Мы медленно, с тремя передышками взбираемся на длинный Путиловский мост. Она отчаянно благодарит меня, вспоминает без конца свою беременную кошку, приятельницу, Путина, Горбачева, Раису Максимовну, потом без перехода певицу Руслану — и тут до меня доходит, что бабушке до ужаса страшно.
— Не будут они в нас стрелять? А вот и я думаю — зачем мы им нужны, мирные.
Я уже решила для себя — бог с ним, с аэропортом. Провожу бабулю до подъезда — и домой. Так мы доходим до блокпоста перед вторым, маленьким мостом, над какой-то одиночной железнодорожной колеей. Там стоят ополченцы, они, как мне показалось, собираются переходить через мост, но что-то обдумывают, медлят со своей операцией. Они говорят: дальше нельзя проходить. А мост всего — метров 50. И моя баба Валя начинает плакать и умолять: «С внучкой пропустите нас домой!», — и сжимает сильно мой локоть.
Старший — по возрасту и по сути — в конце концов говорит одному из своих:
— Серега, проводи девчонок. Только не спеши — они вон еле идут.
Мы идем за Серегой. А у него свой план, он руководит:
— В шеренгу за мной встали! И быстро бегом, пригнувшись! В конце моста — обе вниз, под насыпь.
Все происходит так быстро, что я успеваю только понять, в какую неприятную кашу мы с бабой Валей влипли, но не успеваю придумать, как теперь из нее вылезать. К концу моста нам на встречу подъезжает что-то большое, болотного цвета, останавливается метрах в пятидесяти, сразу за поворотом. Наш Серега кричит громко: Ложись! Ложиииись!!!!
Он падает справа, около отбойника (а отбойники на мосту — очень высокие), я падаю прямо за ним, а моя баба Валя не падает — сгибается в три погибели и стоит у другого края тротуара, где кованая ограда отделяет мост от пустоты, что под ним.
А машина начинает садить в нашу сторону чем-то тяжелым: бум! бум! бум!
Серега тоже стреляет, и он еще пытается поворачиваться налево, кричать, чтобы бабушка легла уже, и я пробую издалека ее достать, толкнуть.
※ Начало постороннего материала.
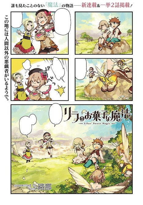 「リラのお菓子な魔法」は、お菓子の出張販売を行いながら魔物に関わる事件を追う少女・リラとイキシアの冒険譚。この世界では願いを魔物に捧げると、代わりに魔法を授かり魔法使いになることができる。物語は、遺跡調査をする考古学者・ルーとの出会いから動き出す。
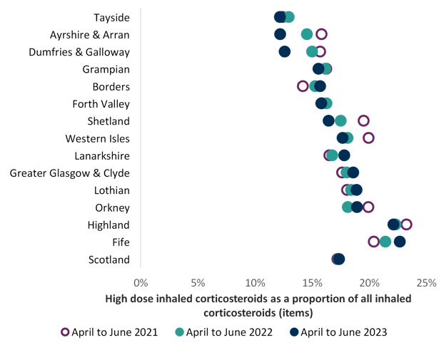High dose corticosteroid inhalers as a percentage of all corticosteroid inhalers items (using 2019 SIGN/BTS classification of high dose)

Но она стоит, согнутая, молчит, не кричит совсем. Или я не слышу.
В этот момент я понимаю, что огромный раскрытый черный зонт, который упал ровно между мной и ополченцем — очень плохая штука. Потому что как это видится из их зеленой машины? Вооруженный человек, а за ним — огромное черное пятно. Я начиная задом отползать от зонта, чтобы они видели, что я мирный человек, прикрытый только бежевым рюкзаком.
А они все стреляют. И я думаю, они могли не видеть меня (на мне, кроме рюкзака, неприметные серая майка и джинсы) — но они не могли не видеть бабу Валю, стоящую, согнувши спину, в своем ярко-салатовом платье.
А я все ползу. И кто-то сзади меня кричит мне уверенно: «Развернись! Жопу назад!» Я кое-как разворачиваюсь. Теперь я ползу лицом вперед. Стреляют, и он мне кричит снова: «Лежи! Прикрой голову!» Я лежу. Потом опять ползу, а потом он меня хватает за плечо и одной буквально рукой стаскивает с моста, на насыпь.
Мы лежим в траве, в каком-то мелком болоте. Мне не видно ни бабу Валю, ни Серегу, что был с нами. Я слышу только, что там стреляют. И я пытаюсь как-то отползать подальше от всего этого. Они хоть и уверенные ребята — но плохая компания, потому что у них высокая смертность. А мы здесь все очень тесно прижимаемся друг к другу. И я, когда наступает тишина, привстаю и мелкими перебежками пытаюсь отступать назад, под мост. Но главный, пожилой все замечает и орет на меня: «Легла! Вон, под дерево! Осколки! Ты их не видишь!»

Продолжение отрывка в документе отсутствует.